Obus can be read to expand tipper-tippee liability. Although the government must always prove that the tipper received a personal benefit for a material disclosure of inside information, this element may possibly be satisfied by showing simply that it was disclosed to a friend. Moreover, neither the tipper nor the tippee must have actual knowledge that the information was disclosed in breach of a duty of confidentiality. A tipper can be found to have breached a duty if the disclosure was made with reckless disregard of the confidential or material nonpublic nature of the information. A tippee can be found to have the requisite knowledge of a breach where circumstantial evidence showed that the tippee was a sophisticated investor and red flags permit the inference that he should have known that the information was disclosed improperly.

Obus should serve as a warning to investors who make trading decisions based in part on information from third parties. Upon receiving arguably material and confidential information about a public company, investors must always be careful to consider the ultimate source of that information, how it was obtained, and whether there were any red flags suggesting that it might have been disclosed in violation of a duty of confidentiality. The more sophisticated the investor and valuable the information, the more likely it is that a court will infer knowledge of a breach.
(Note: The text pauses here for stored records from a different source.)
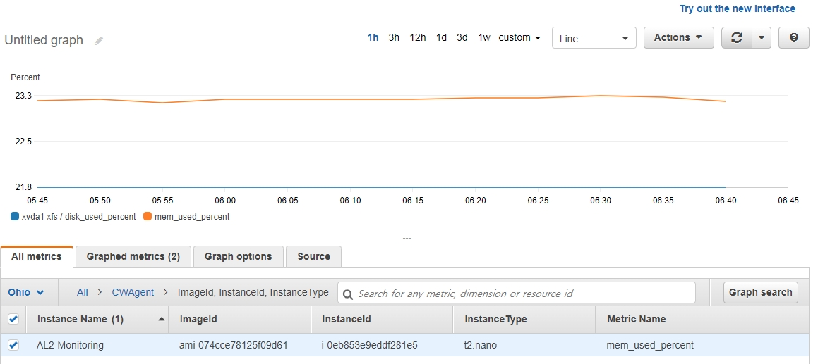 Cloudwacth > Metrics > All metrics > CWAgent 를 선택하자.
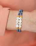 Pulsera hecha a mano de piedra mineral sodalita y entrepiezas doradas. En el centro abalorios blancos con letras doradas. Hecha con goma elástica y adaptable a cualquier muñeca.
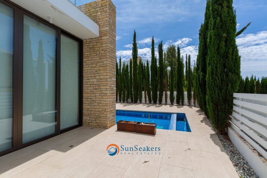 Set on a generous plot, the villa boasts spacious interiors with bright open-plan living areas, a fully equipped modern kitchen, and three well-appointed bedrooms, including a master suite with en-suite bathroom and private balcony. Large glass doors lead to a sun-drenched terrace, private swimming pool, landscaped garden, and outdoor dining area – perfect for entertaining or relaxing in complete privacy.
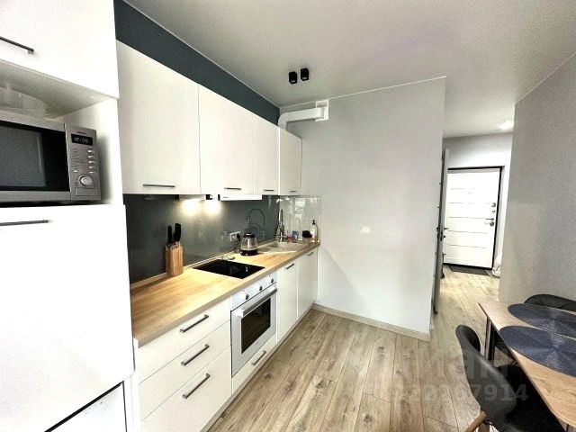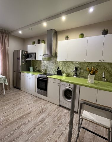 Ремонт на кухне делали в прошлом году, вся мебель и встроенная техника новая, всё это остаётся новому владельцу. Холодильник SВS LG, встроенная духовка и индукционная плита, подсветка, измельчитель отходов, система очистки воды с осмосом, посудомойка. Был балкон - объединили и сделали большую кухню
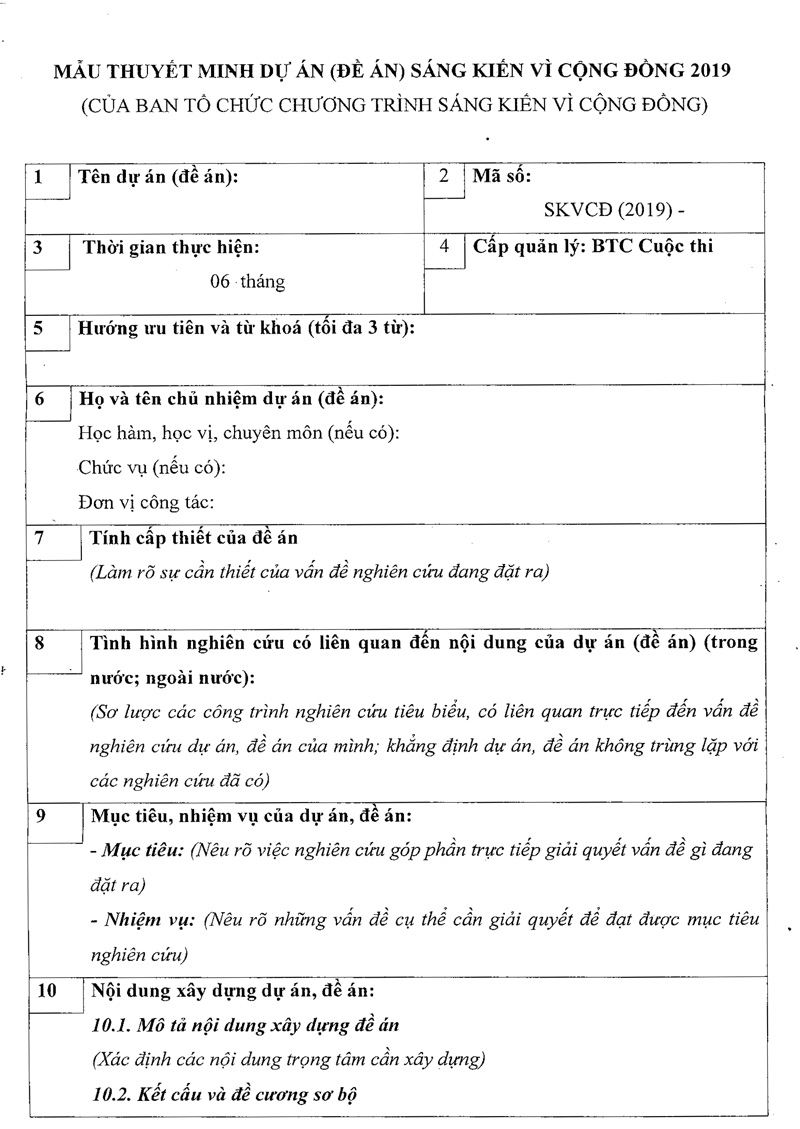 * Đối với các dự án dự thi cần có kế hoạch hoạt động, kế hoạch tài chính kèm theo.
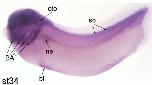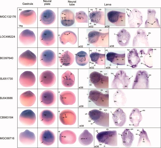Figure 4. Whole mount in situ hybridization assays illustrating the expression patterns of 7 uncharacterized genes that are up-regulated by FoxD4L1/D5. Gastrula stages are side views oriented with animal cap (An) to the top and vegetal pole (Veg) to the bottom. Transcripts for all 7 genes are detected in the animal cap ectoderm. At neural plate stages, embryos are oriented in an anterior frontal view, with dorsal to the top. Transcripts for all 7 genes are detected in the neural plate (np) and in the ectoderm bordering the neural plate (arrow) that will give rise to the cranial placodes and neural crest. At neural tube stages, MGC132176 is expressed throughout the neural tube (nt), with intense staining in a band in the midbrain-hindbrain (hb) region, in adjacent neural crest (nc), and the dorsal rim of the cement gland (cg). Left embryo is a dorsal view with anterior at the bottom and right embryo is a ventral view of the head. At larval stages (st328), MGC132176 is detected throughout the brain and retina (r), in the lens (L), otocyst (oto), cement gland, branchial arch (BA), and nephric mesoderm (ne). This and all larval stages are side views with anterior to the left. Transverse sections of st38 embryo confirm the labeled tissues identified in whole mount embryos, and identify the profundal ganglion (Pg). At neural tube stages, LOC496224 is expressed throughout the neural tube, retina, and somites (so). Side view with anterior to the left. At larval stages, LOC496224 is additionally expressed in the lens, otocyst, and branchial arches. BC097640 is expressed throughout the neural tube, with strong expression in the pineal primordium (pin), cement gland, several cranial placodes (dlp, dorso-lateral placode; olf, olfactory placode; Vp, trigeminal placode), and scattered cells on the ventral midline (bracket) caudal to the cement gland. Left embryo is an anterior frontal view with dorsal to the top; right embryo is a ventral view with anterior to the top. At larval stages, BC097640 is additionally expressed in the lens, otocyst, branchial arches, head mesoderm (hm), heart (ht), ventral blood islands (bl), somites, and nephric mesoderm. At neural tube stages, BJ051730 is weakly expressed throughout the neural tube, with strong expression in the midbrain-hindbrain region and adjacent neural crest. Dorsal anterior-view from the top. At larval stages, BJ051730 is additionally expressed in the lens, otocyst, branchial arches, somites, and nephric mesoderm. At neural tube stages, BJ043686 is expressed in the neural tube and the ectoderm bordering it (bz). Side view with anterior to the left. At larval stages, BJ043686 is additionally expressed at low levels in the lens, otocyst, somites, branchial arch, head, and nephric mesoderm. At neural tube stages, CB983184 is expressed in the neural tube and the ectoderm bordering it. At larval stages, CB983184 is additionally expressed in the olfactory pit, lens, retina, otocyst, somites, branchial arch mesoderm, and heart. At neural tube stages, MGC68716 is expressed in the neural tube, the ectoderm bordering it, and pineal primordium. At larval stages, MGC68716 is additionally expressed in the otocyst, somites, branchial arch mesoderm, and heart. fb, forebrain; mb, midbrain. |
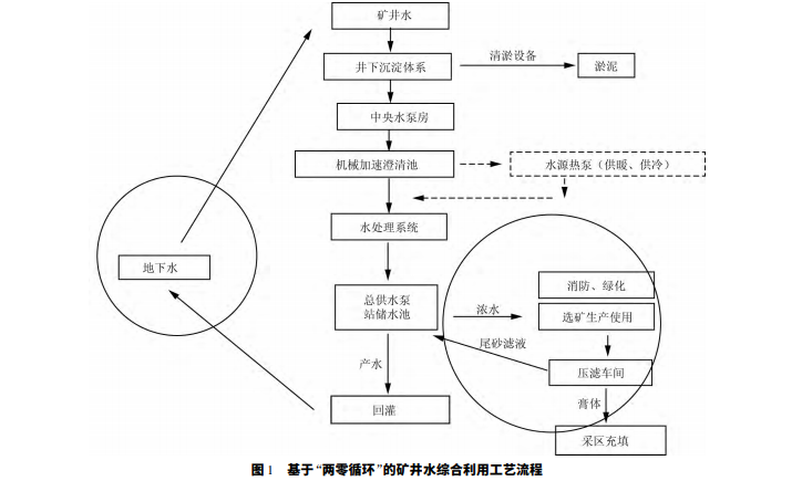 為了解決中關(guān)鐵礦礦井水綜合利用的問(wèn)題,針 對(duì)礦井水產(chǎn)生過(guò)程、排放流程和整個(gè)生產(chǎn)系統(tǒng)的工藝特點(diǎn),對(duì)各個(gè)用水環(huán)節(jié)均進(jìn)行了詳細(xì)梳理,提出了 礦井水“兩零循環(huán)”綜合利用模式。“兩零循環(huán)”中 的第一個(gè)“零”是指地下水通過(guò)巖石裂隙進(jìn)入采區(qū) 形成礦井水,經(jīng)過(guò)井下排泥系統(tǒng)梯級(jí)沉淀除去固體 雜質(zhì),經(jīng)過(guò)中央水泵房集中排出地表,在地表經(jīng)過(guò)3# 機(jī)械加速澄清池進(jìn)一步凈化,經(jīng)過(guò)水源熱泵提取水 中蘊(yùn)含的低品位熱量,然后進(jìn)入水處理系統(tǒng),轉(zhuǎn)變?yōu)槿愃畼?biāo)準(zhǔn)后經(jīng)過(guò)管道全部回灌入地下,達(dá)到礦井 水來(lái)自地下含水層又回到地下含水層的目的,從而 實(shí)現(xiàn)礦井 水 的 零 排 放。“兩零 循 環(huán)”中 的 第 二 個(gè) “零”是指生產(chǎn)用水經(jīng)過(guò)總供水泵站的環(huán)水泵、加壓 泵進(jìn)入選礦系統(tǒng),作為生產(chǎn)用水在選廠參與一系列 選礦作業(yè),形成攜帶礦砂的礦漿水,攜帶尾砂進(jìn)入壓 濾車間,經(jīng)過(guò)壓濾設(shè)備實(shí)現(xiàn)泥水分離,最后濾液經(jīng)過(guò) 管道泵再次回到總供水泵站,從而實(shí)現(xiàn)生產(chǎn)用水的 閉環(huán)循環(huán),同時(shí)生活用水也經(jīng)過(guò)類似的過(guò)程實(shí)現(xiàn)相 應(yīng)的閉環(huán)循環(huán),實(shí)現(xiàn)生產(chǎn)生活廢水的零排放。優(yōu)化 后的中關(guān)鐵礦基于“兩零循環(huán)”的礦井水綜合利用 工藝流程如圖 1 所示。
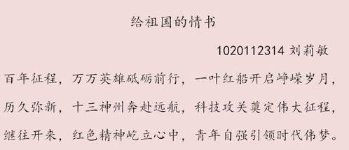 本次活动主要面向002全讯白菜官方网站研究生,旨在以简练精致的“三行情书”的形式,表达对祖国母亲的热爱,对家人的牵挂,对情侣的告白、朋友的祝福以及对往事的追忆。此次活动得到了研究生们的一致好评,各级研究生们积极投稿、踊跃参与。大家用寥寥数语,三行文字来表达内心的情感,展现心中的悸动。
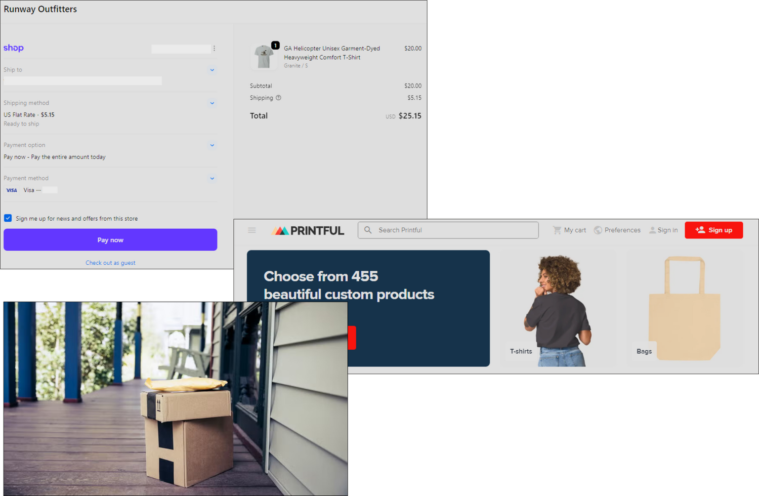 When you place an order on Runway Outfitters, the order is sent to our processing partner Printful. They custom make your order using the image and clothing item you selected, and will ship once it is complete.
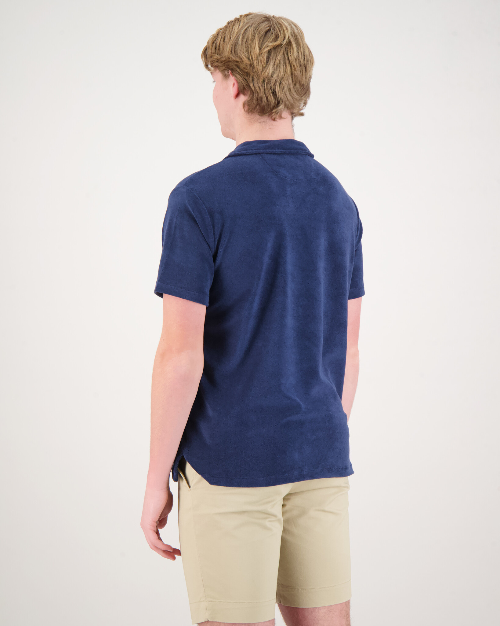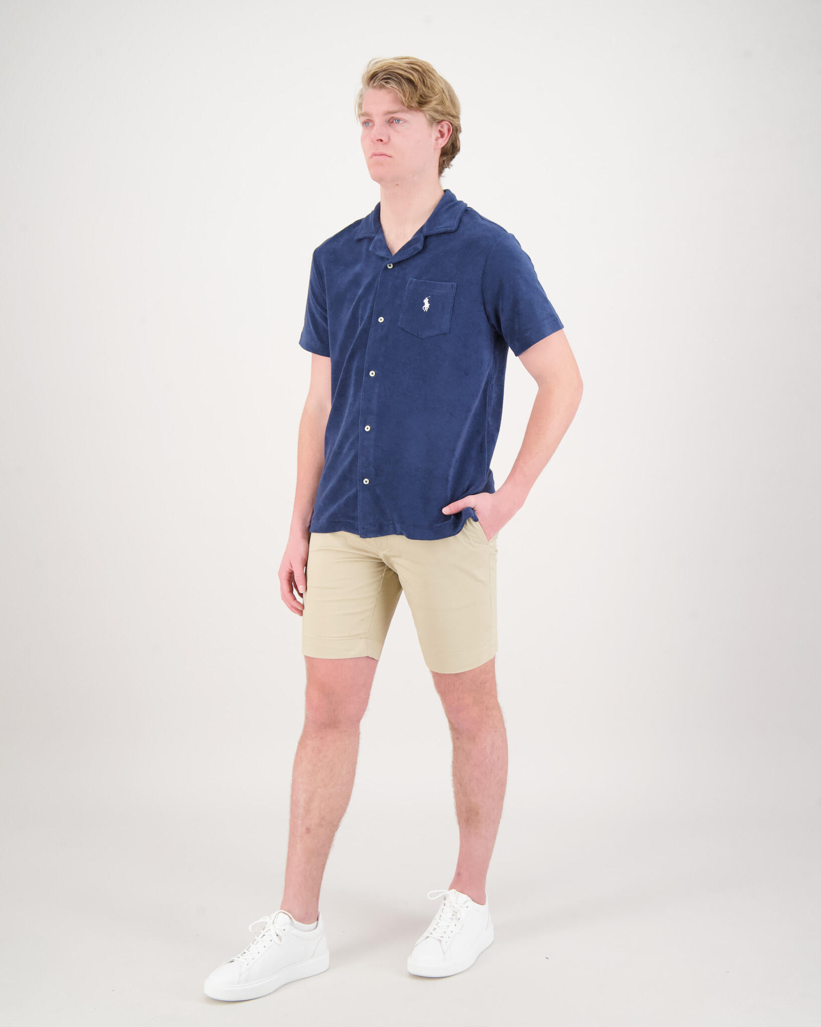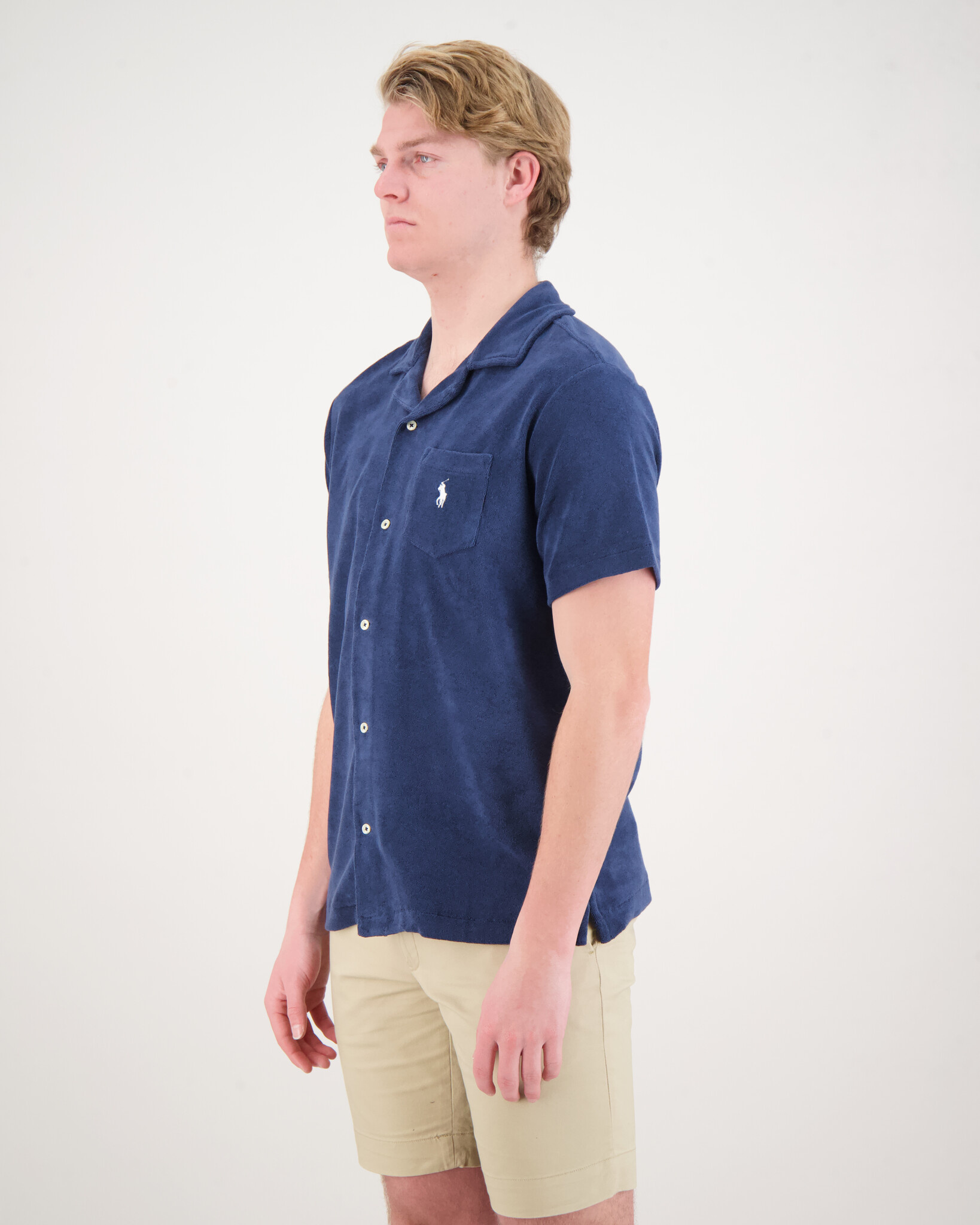 Marine Badstof Shirt van het merk Polo Ralph Lauren. Het Shirt heeft korte mouwen en is aan de voorzijde voorzien van knopen. Op de borst zit een vakje met het bekende Polo Ralph Lauren logo.

Michael S. Schachter is a partner in the litigation department of Willkie Farr & Gallagher and co-head of the firm’s white collar criminal defense practice group. Alison R. Levine is an associate in the firm’s litigation department.

Endnotes:

1. SEC v. Obus, 693 F.3d 276 (2d Cir. Sept. 6, 2012).

2. Id. at *31 (quoting SEC v. Musella, 678 F.Supp. 1060, 1063 (S.D.N.Y. 1988)).

3. 463 U.S. 646 (1983).

4. Id. at 663-64.

5. See, e.g., SEC v. Musella, 748 F.Supp. 1028 (S.D.N.Y. 1989); SEC v. Willis, 777 F.Supp. 1165, 1172 n.7 (S.D.N.Y. 1991).

6. 327 F.3d 1263, 1280 (11th Cir. 2003).

7. 51 F.3d at 623, 632 (7th Cir. 1995).

8. 151 F.3d 42, 48-49 (2d Cir. 1998).

9. Dirks, 463 U.S. at 660.

10. United States v. Rajaratnam, 802 F.Supp.2d 491, 498-99 (S.D.N.Y. 2011).

11. Tr. 5623:9-12, United States v. Rajaratnam, No. 09-cr-1184 (S.D.N.Y. April 25, 2011).

12. Tr. 2950:5-12, United States v. Whitman, No. 12-cr-00125 (S.D.N.Y. Aug. 17, 2012).

13. Whitman, Tr. 2952:17-25.

14. Whitman, Tr. 2953:1-9.

15. United States v. Whitman, 2012 U.S. Dist. LEXIS 163138, at *18-20 (S.D.N.Y. Nov. 14, 2012).